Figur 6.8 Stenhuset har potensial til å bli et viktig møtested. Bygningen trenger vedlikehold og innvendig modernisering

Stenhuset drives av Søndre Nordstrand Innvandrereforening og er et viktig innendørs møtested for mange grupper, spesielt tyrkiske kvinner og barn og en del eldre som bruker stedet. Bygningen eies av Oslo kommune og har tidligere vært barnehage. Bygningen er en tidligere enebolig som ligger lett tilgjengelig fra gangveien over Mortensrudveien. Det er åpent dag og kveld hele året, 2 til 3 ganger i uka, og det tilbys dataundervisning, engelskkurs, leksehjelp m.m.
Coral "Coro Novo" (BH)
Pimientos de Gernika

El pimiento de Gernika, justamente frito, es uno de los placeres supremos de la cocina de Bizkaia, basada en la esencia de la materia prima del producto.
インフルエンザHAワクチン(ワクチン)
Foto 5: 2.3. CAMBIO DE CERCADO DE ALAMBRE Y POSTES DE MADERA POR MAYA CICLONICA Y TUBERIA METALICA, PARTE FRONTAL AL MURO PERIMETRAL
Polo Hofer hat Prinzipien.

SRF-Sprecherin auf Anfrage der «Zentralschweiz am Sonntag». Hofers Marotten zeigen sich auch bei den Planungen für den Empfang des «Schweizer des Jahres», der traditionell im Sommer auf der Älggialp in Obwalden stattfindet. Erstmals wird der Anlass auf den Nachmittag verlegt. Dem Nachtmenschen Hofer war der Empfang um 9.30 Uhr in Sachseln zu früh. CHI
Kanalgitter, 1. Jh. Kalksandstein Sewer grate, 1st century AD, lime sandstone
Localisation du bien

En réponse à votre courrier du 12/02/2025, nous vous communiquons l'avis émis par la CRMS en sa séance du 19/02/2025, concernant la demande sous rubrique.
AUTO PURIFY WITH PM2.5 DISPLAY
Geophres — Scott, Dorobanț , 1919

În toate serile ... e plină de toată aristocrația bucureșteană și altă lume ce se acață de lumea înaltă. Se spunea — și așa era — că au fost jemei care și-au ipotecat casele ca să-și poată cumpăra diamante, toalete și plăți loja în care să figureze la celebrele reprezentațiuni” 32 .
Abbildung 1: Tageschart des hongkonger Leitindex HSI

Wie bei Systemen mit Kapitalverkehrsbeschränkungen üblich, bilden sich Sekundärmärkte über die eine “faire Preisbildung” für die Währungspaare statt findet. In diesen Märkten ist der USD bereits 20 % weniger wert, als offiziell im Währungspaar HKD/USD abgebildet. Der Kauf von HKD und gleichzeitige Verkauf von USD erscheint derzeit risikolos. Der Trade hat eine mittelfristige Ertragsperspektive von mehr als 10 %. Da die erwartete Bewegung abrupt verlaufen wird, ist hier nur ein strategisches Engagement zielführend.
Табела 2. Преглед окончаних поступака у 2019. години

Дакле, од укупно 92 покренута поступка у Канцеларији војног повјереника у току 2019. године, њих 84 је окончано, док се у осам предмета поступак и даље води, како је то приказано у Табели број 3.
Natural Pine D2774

··········

TASK DETAILS: Return every line in the records that includes the string "Gernika".

TASK OUTPUT:
Pimientos de Gernika
El pimiento de Gernika, justamente frito, es uno de los placeres supremos de la cocina de Bizkaia, basada en la esencia de la materia prima del producto.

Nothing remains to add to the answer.